The timeline follows a vote by the State Board of Education Sept. 20 to adopt a framework transitioning the Little Rock School District to local control. That process includes the election of a nine-member zoned school board.

Under the timeline, the State Board on Nov. 14 will review a proposed map along with the board member zone establishment process. In December and January, the district’s Community Advisory Board, which was created by the State Board, will review the draft map and host public comment sessions. It would suggest revisions to Key in February. In March, a map approved by Key would be submitted first to the Pulaski County Board of Election Commissioners and then, once approved, to the Pulaski County Clerk’s Office.

Candidates could begin collecting signatures May 3, 2020, with the candidate filing period occurring from July 27 through Aug. 3. After the Nov. 3 election, any necessary runoff elections would be Dec. 1.

The State Board voted to take over the Little Rock School District in January 2015 when six of its 48 schools were deemed by the state to be failing. The school board was dissolved, and Key assumed its duties. After almost five years under state control, eight Little Rock schools scored an F in state accountability reports released Oct. 9.

The board also voted Oct. 10 to stop recognizing the Little Rock Education Association as teachers’ collective bargaining agent as long as the district remains in Level 5 – Intensive Support, the state’s highest level of involvement. The contract with the LREA ended Thursday, Oct. 31.

According to the draft timeline, school board members’ zones would be drawn based on 2010 census data and then redrawn in 2021 after the 2020 census, if necessary to maintain balance.

The Arkansas Geographic Information Systems Office helped develop the zone options. The draft timeline said planners attempted to make zones as compact as possible, contiguous, and encompassing rather than splitting communities of interest. To the maximum extent possible, zones were to be bounded by geographic and other visual features, and were to match other electoral boundaries such as city wards. Zones could not extend beyond the school district’s boundaries.

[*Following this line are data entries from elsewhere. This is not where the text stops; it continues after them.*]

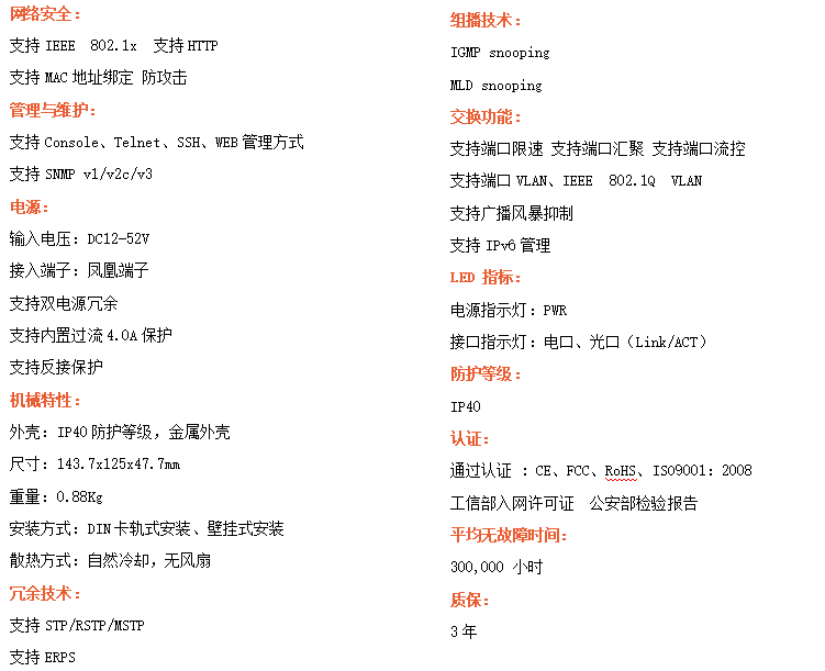 ●管理功能:支持WEB、CLI、SNMP管理方式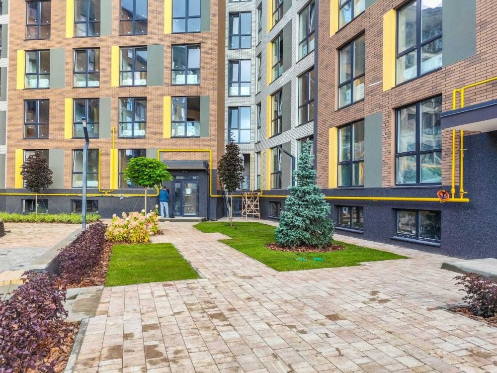 Придомова територія - бруківка, встановленя ігрових майданчиків, сміттєвих баків, освітлення, озеленення.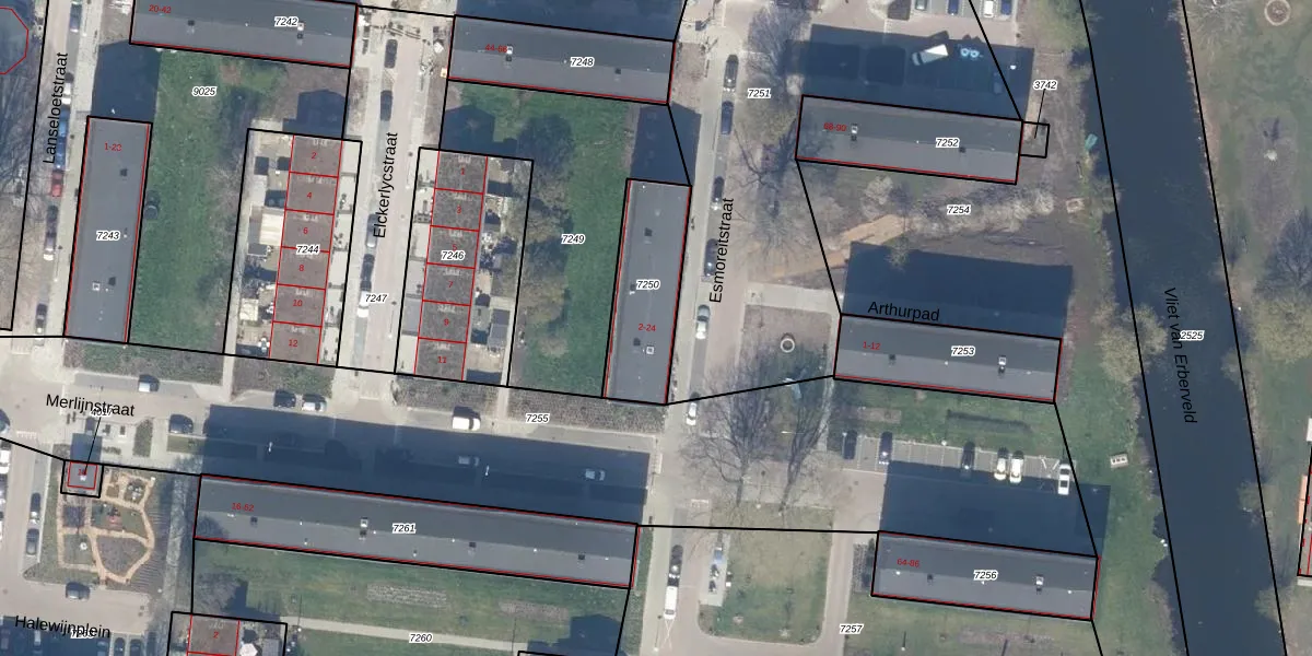 Esmoreitstraat 18 is gelegen op kadastraal perceel GDA01K7250. Deze kadastrale aanduiding is uniek en wordt gebruikt door het Kadaster om eigendomsrechten en andere zakelijke rechten vast te leggen. Het perceel maakt onderdeel uit van de kadastrale gemeente Gouda.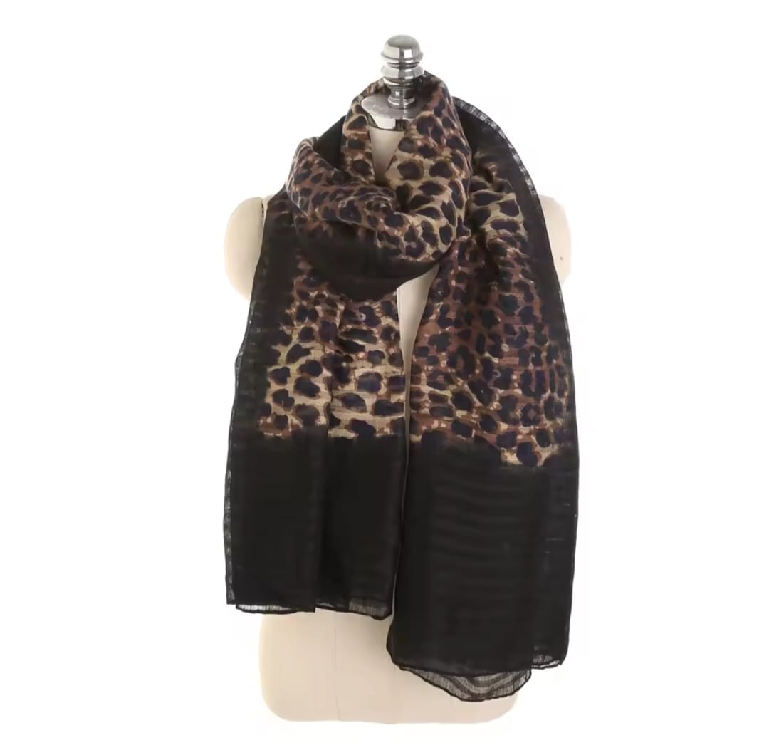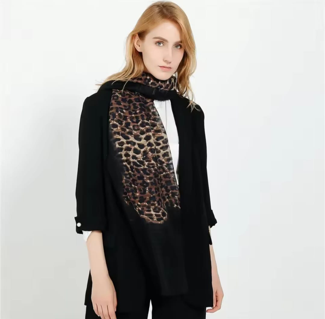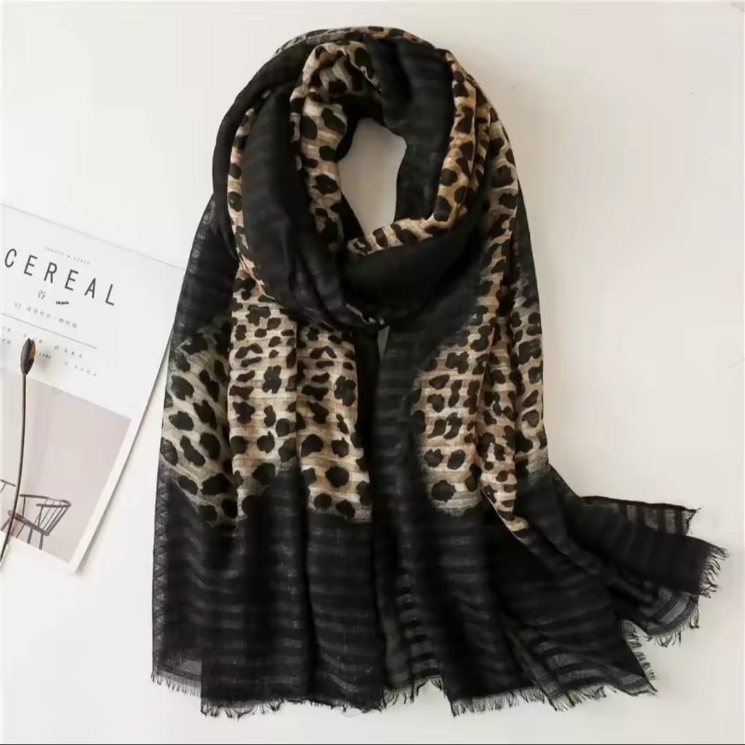 Unleash your wild side with our Leora Collection, where elegance meets untamed beauty. These scarves feature striking leopard-inspired prints, beautifully contrasted with deep black tones for a bold yet versatile look.

Planners created three options and recommended one based on existing election precincts over options meant to create the lowest population variance or based on school attendance.

The draft notes the challenge of creating compact zones, so planners attempted to develop options following legal precedents. The draft said that “a plan cannot perfectly balance contiguousness, compactness, communities of interest and substantially equal population between each zone. For example, creating a plan with an extremely low variance of population between zones pulls at the guiding principle of communities of interest because neighborhoods might be divided to achieve near perfect population balance. In contrast, preserving a clustering of neighborhoods might tug too far at the principle of substantially equal population.”

Robert Coon, a political consultant with Impact Management Group, said the election will be important in setting school policies, but, “it remains to be seen how big it becomes from a contested battle royale in the political world.”

That contest could pit traditional school advocates, who have argued for an immediate return to local control along with protecting teachers’ collective bargaining rights, against reformers who might support changes such as increasing the number of charter schools.

Coon said the traditional advocates’ potential voters will have more intensity at the grassroots level. Traditionalists’ potential voters more likely have children in school, so they are more plugged in and more aware of the issues. Reformers’ pool of voters are more likely to be disconnected from the school district. They may have already taken their children out of public schools and likely won’t be sending them back. Reformers will have to convince those voters to become interested in the election.

“I have no doubt that folks in (the traditionalist) camp will have a lot of activity, a lot of excitement on their side and really kind of view these elections as their Waterloo, if you will,” he said. “I think the question remains to be seen what the other side is going to bring to the table from a competition for these seats.”

Hotly contested races could occur in some zones, such as those in midtown and in west Little Rock, Coon said. It remains to be seen how many zones are competitive, and whether the newly drawn lines create swing zones.